Take Brian Chesky, Co-Founder of Airbnb, who faced a number of challenges when starting his company. Chesky and his co-founders struggled to get their idea off the ground in the early stages of the company, but they didn’t let that stop them, even with a lack of investment and legal hurdles thrown their way. They continued to iterate and innovate until they created one of the most successful online marketplace companies in the world!
But when we come to our region, it gets increasingly difficult to identify the failure stories and learn from them, something Elie Habib, Co-Founder and CTO of Anghami, noted during Step Conference in Dubai, saying: “We need to be much more open about failures within the ecosystem in the Middle East, the what’s and why’s and how’s of things going wrong so we can go about fixing these problems. We owe it to the ecosystem to talk about these problems, these mistakes, so the new generations of startups can learn and go about it in a different, better way.”
And we couldn’t agree more!

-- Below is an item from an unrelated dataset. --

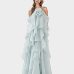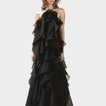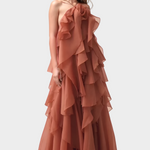 Ta przepiękna długa sukienka w ciepłym brązowym odcieniu emanuje luksusem i romantyzmem. Zaprojektowana z wielopoziomowymi falbanami z lekkiej i transparentnej tkaniny, zachwyca efektownym ruchem przy każdym Twoim kroku.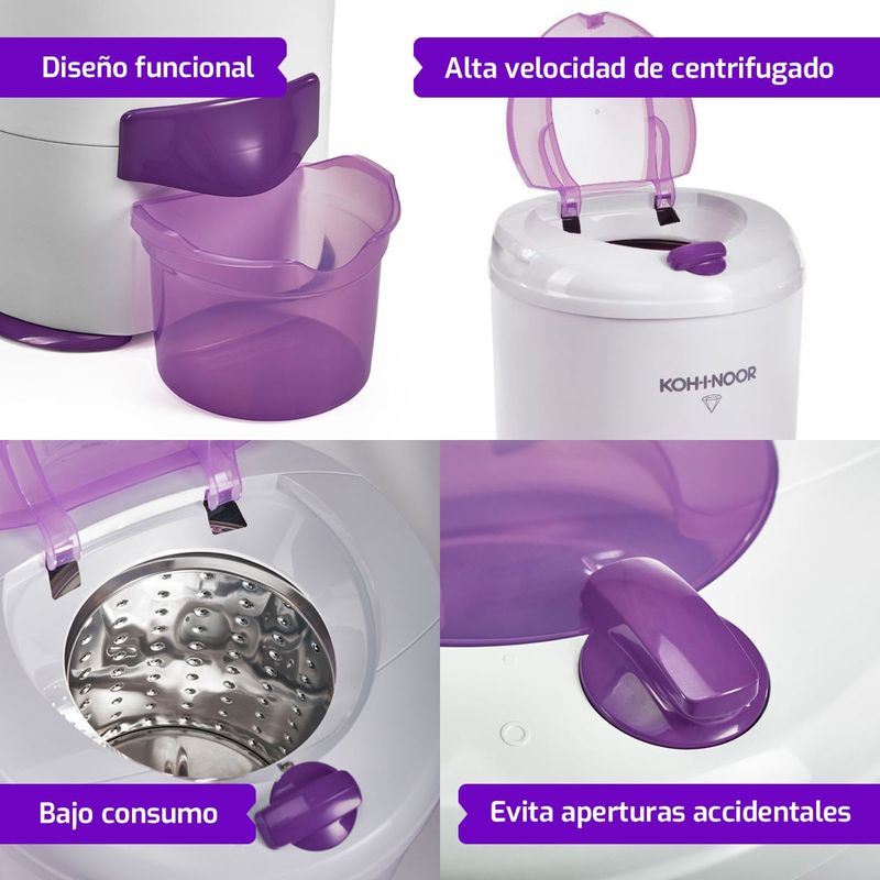Alta velocidad de centrifugado: Extrae el exceso de agua rápidamente, reduciendo el tiempo de secado.

Failure shouldn’t seem like a stamp of shame, but a learning opportunity after you dust off your shoulders from the fall. Mr. Suhail Algosaibi, Chairman of Tenmou, and a seasoned startup investor/mentor, emphasized the sentiment: “Failure should not be seen as this big scary monster that crushes entrepreneurs’ dreams and destroys their souls. It’s a normal part of the entrepreneurial process.
In fact, it should not be seen as a failure at all but critical feedback, and viewed as a learning experience. Of course, many entrepreneurs have failed at some point. As an example, very few people know that the successful company Henry Ford built was actually the second Ford Motor Company, with the first one having failed.”
The road to success is often characterized by these setbacks because what comes out of them is growth and development. When faced with obstacles, entrepreneurs have the opportunity to refine their ideas and build much needed resilience in an ever-changing scene. This allows entrepreneurs to become more confident and better equipped to handle challenges as they arise. AbdulAziz Al-Jouf, CEO of PayTabs, confided his secrets to being an entrepreneur with us years ago: “Patience and Passion. If you have them, you can really do magic.”
Also, another silver lining of failure can be the valuable network of connections and resources entrepreneurs cultivate. Through their struggles, they develop relationships with mentors, investors, and industry experts who can provide guidance and support. This network can be instrumental in helping them overcome future obstacles and achieve the success they dream about and work towards!
So yes, it is absolutely essential to recognize that failure is not the end, but rather a crucial part of the entire journey. Instead of fearing it, entrepreneurs should embrace failure as a valuable learning opportunity and use it to propel themselves towards the vision they have set for themselves.